> **ASSIGNMENT**:
In the copy of the lines below, leave out pictures and print everything else exactly.

> **EXERCISE DATA**:
::::::
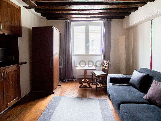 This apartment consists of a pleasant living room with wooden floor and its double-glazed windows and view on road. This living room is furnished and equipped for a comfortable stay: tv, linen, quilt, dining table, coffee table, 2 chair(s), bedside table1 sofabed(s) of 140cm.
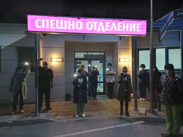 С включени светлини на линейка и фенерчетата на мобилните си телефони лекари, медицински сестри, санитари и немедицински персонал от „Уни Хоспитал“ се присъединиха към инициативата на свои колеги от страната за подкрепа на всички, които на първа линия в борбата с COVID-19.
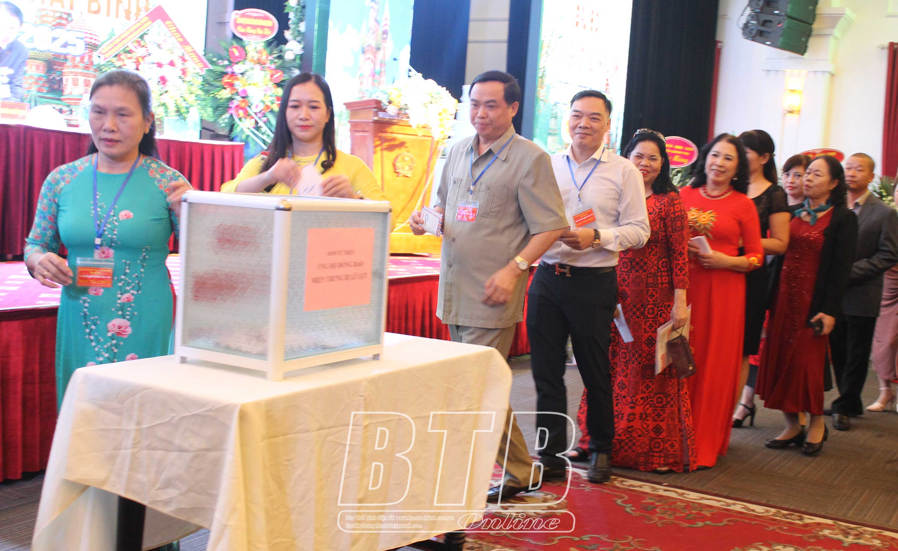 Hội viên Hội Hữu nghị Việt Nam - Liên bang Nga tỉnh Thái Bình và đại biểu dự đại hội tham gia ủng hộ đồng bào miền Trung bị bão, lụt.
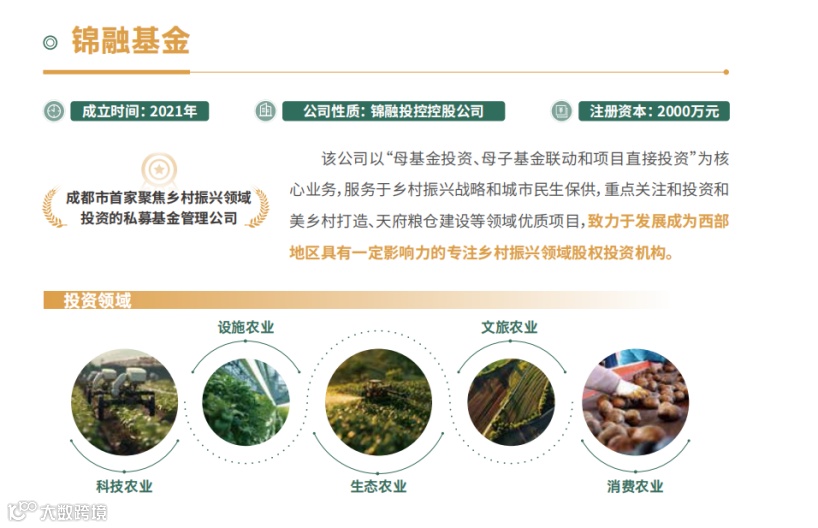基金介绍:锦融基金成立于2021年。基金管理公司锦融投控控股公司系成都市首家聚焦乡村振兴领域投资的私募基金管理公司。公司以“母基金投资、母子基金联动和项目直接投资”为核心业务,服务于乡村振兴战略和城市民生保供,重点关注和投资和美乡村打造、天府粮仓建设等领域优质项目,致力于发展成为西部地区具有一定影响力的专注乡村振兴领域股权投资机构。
::::::
> **ANSWER SECTION**:
 This apartment consists of a pleasant living room with wooden floor and its double-glazed windows and view on road. This living room is furnished and equipped for a comfortable stay: tv, linen, quilt, dining table, coffee table, 2 chair(s), bedside table1 sofabed(s) of 140cm.
 С включени светлини на линейка и фенерчетата на мобилните си телефони лекари, медицински сестри, санитари и немедицински персонал от „Уни Хоспитал“ се присъединиха към инициативата на свои колеги от страната за подкрепа на всички, които на първа линия в борбата с COVID-19.
 Hội viên Hội Hữu nghị Việt Nam - Liên bang Nga tỉnh Thái Bình và đại biểu dự đại hội tham gia ủng hộ đồng bào miền Trung bị bão, lụt.
基金介绍:锦融基金成立于2021年。基金管理公司锦融投控控股公司系成都市首家聚焦乡村振兴领域投资的私募基金管理公司。公司以“母基金投资、母子基金联动和项目直接投资”为核心业务,服务于乡村振兴战略和城市民生保供,重点关注和投资和美乡村打造、天府粮仓建设等领域优质项目,致力于发展成为西部地区具有一定影响力的专注乡村振兴领域股权投资机构。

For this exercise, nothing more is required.